Her heart leapt a little with joy.
"Regina?" Graham muttered, his accent slurring the words together. Regina went back to him and nudged his shoulder until he sleepily opened his eyes and made vague sounds of protest about being dragged back to the land of the living.
"Where is Miss Swan?" Regina asked carefully. Graham furrowed his brows a little as he stared up at her.

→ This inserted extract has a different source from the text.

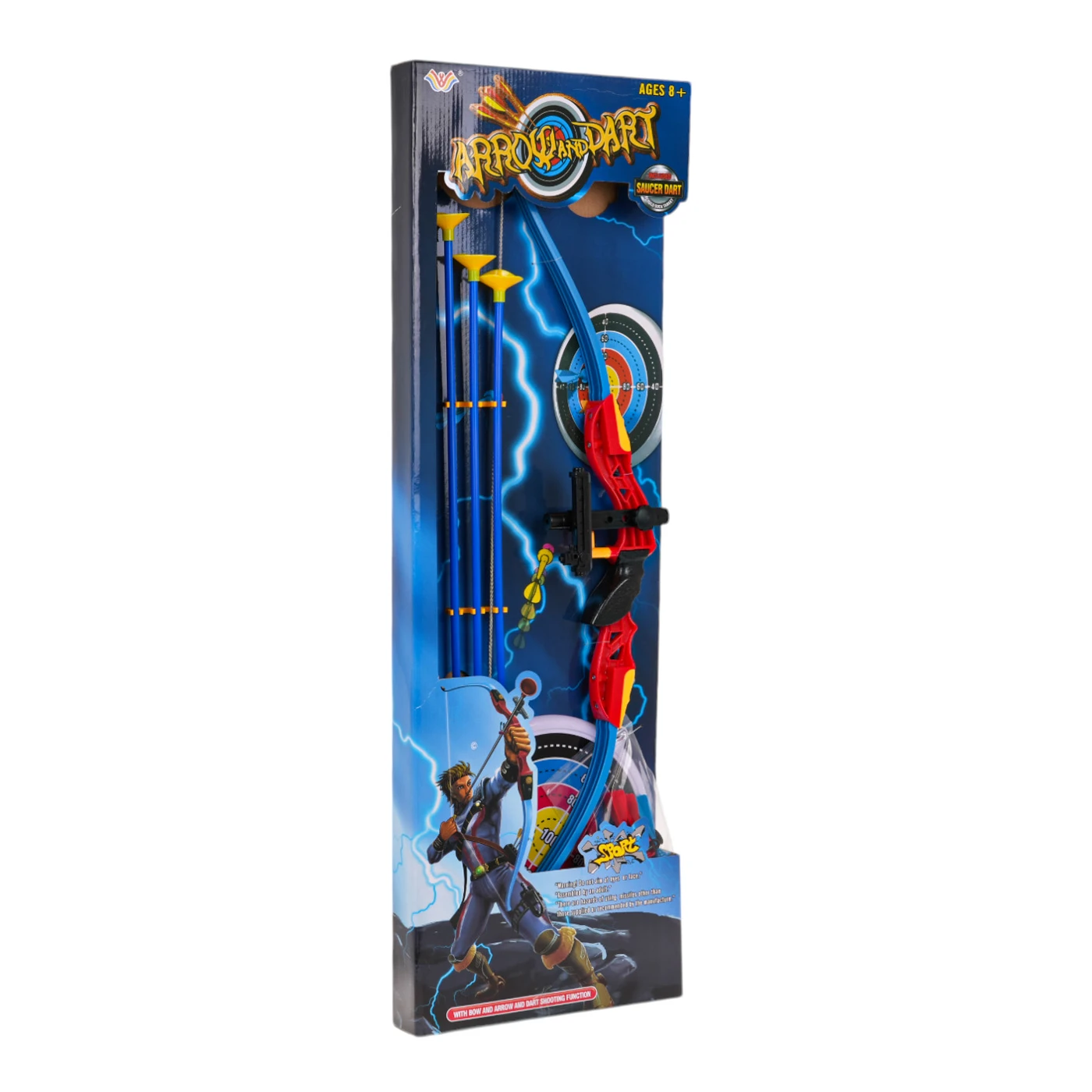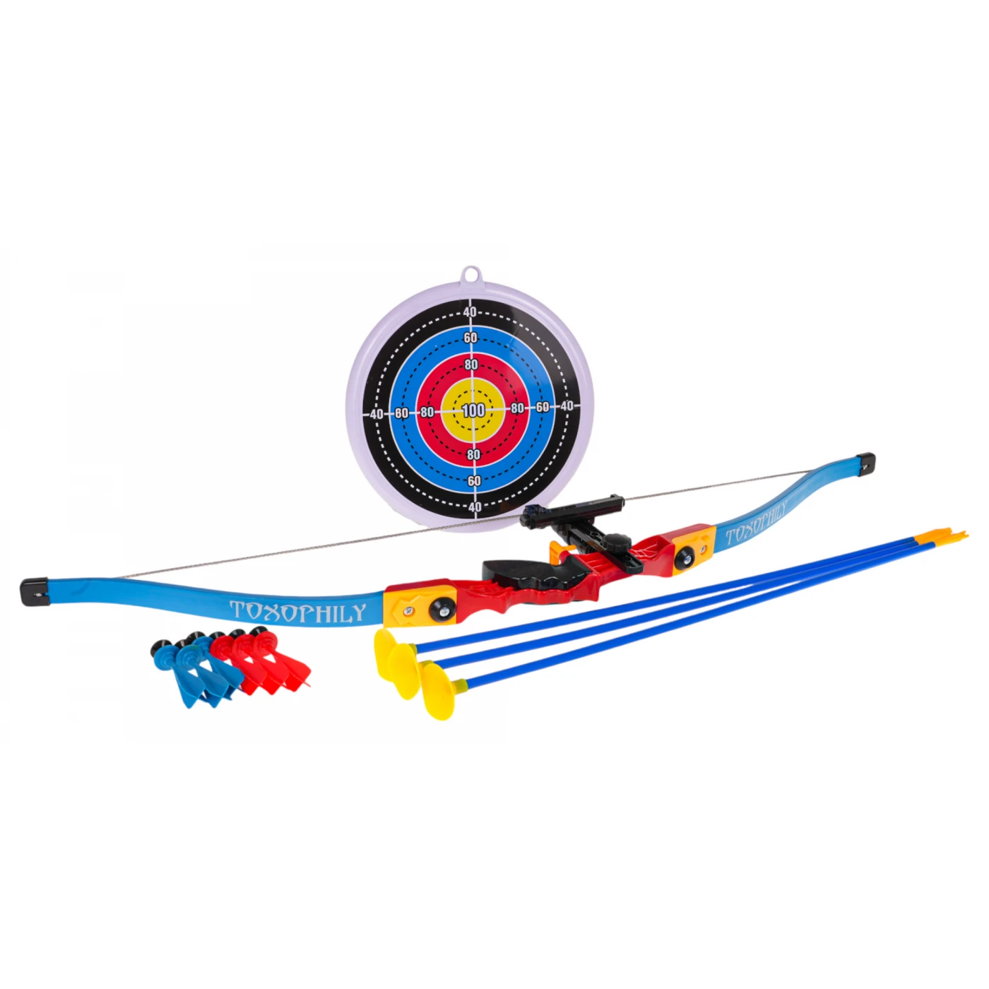 Vibu, noolte, märklaua ja noolemängu komplekt. Vibu on väga lihtne kasutada – asetage nool lihtsalt sihiku ja nööri vahele, sihtige märklauale ja laske. Komplekt sisaldab iminapaga nooli, mida saab ka lihtsalt märklaua pihta visata. Märklaual on kummist iminapp.

"Sorry, who?" he asked, shifting around. Regina felt her pulse quicken. Triumph was slowly closing in, and oh, how she had missed winning.
"Emma Swan. The woman who arrived in that tacky yellow buggy. Blonde hair, tall, twenty-eight years old?"
"Haven't seen her," Graham replied, "Why, is it important? Want me to look around for her? Is she in Storybrooke?"
"No," Regina replied, genuinely smiling for the first time in years, "No, it's fine. She's not here, it wasn't important… She's not here."
Graham made coffee and then let himself out.
"Henry," Regina asked as she picked him up from school, Mary Margaret slinging her bag over her shoulder and lost in her own world, "Have you spoken to Emma today?"
Henry looked up at her, clearly puzzled.
"Who?' He asked.
Regina hugged him tight and bought him dinner out that night.
A week passed. And yet it was the exact same day.
Regina felt the familiar feeling settle into her ribcage. The need to split out of her own skin and fly far, far away from the say day, stuck on replay forever and ever.
Henry was obedient. Mary Margaret cowered away from her whenever Regina bumped into her. David Nolan was cold and immobile on a hospital bed.
Nobody else knew.
Nothing happened. Ever.
A year passed.
On the anniversary of Regina's triumph, she went to the bathroom long after Graham had fallen asleep and stifled her sobs into a towel.
"I'm leaving. For a little while."
Henry looked up from his project and blinked in surprise.
"What? Why?" he asked.
"I have some business there," Regina replied, her voice far away and disconnected, "I need to consult somebody about a problem."
"Well… how long will you be gone? What'll I do?"
Regina swallowed. Henry hadn't been right since the curse. He wasn't curious, he wasn't heroic. He didn't go looking for answers, he wasn't particularly resourceful. He wasn't fiercely independent and her beacon, her only remaining moral compass. He was just… a normal boy.
Regina missed her real son dearly.
"You'll stay with Ruby and her grandmother at their place for a few nights," Regina said, "Pack your things."
She got one last hug from Henry and drove away, unsure if she'd even make it over the town line without dying.
"Emma Swan?"
The words came out on autopilot. Emma blinked, looking Regina up and down.
"Yeah? What can I do for you?"
"I- you see, I- I mean- may I come in?"
After a moment of examining her – a moment without a trace of recognition – Emma let her in.
And in that moment, Regina understood.
She was never meant to win.
Her whole existence was blackened beyond repair, and it was up to her now to choose the method of slowly dying on the inside. She could almost hear Gold's snide voice. Pick your poison, dearie.
They talked long into the night.
Regina lied through her teeth.
Anything to set things back into motion. Anything to leave that rotting, stagnant existence. Even if it meant… losing.
Emma came back to Storybrooke with her the next day.
Eye contact.
That's all it took.
The minute Emma and Henry lay eyes on each other, they remembered.
"Mom?"
"Oh my God, Henry!"
Everything moved. Everything advanced.
Regina felt her heart collapse in on itself.
The end, she thought dreamily as she watched Henry clutch to his mother with all his might.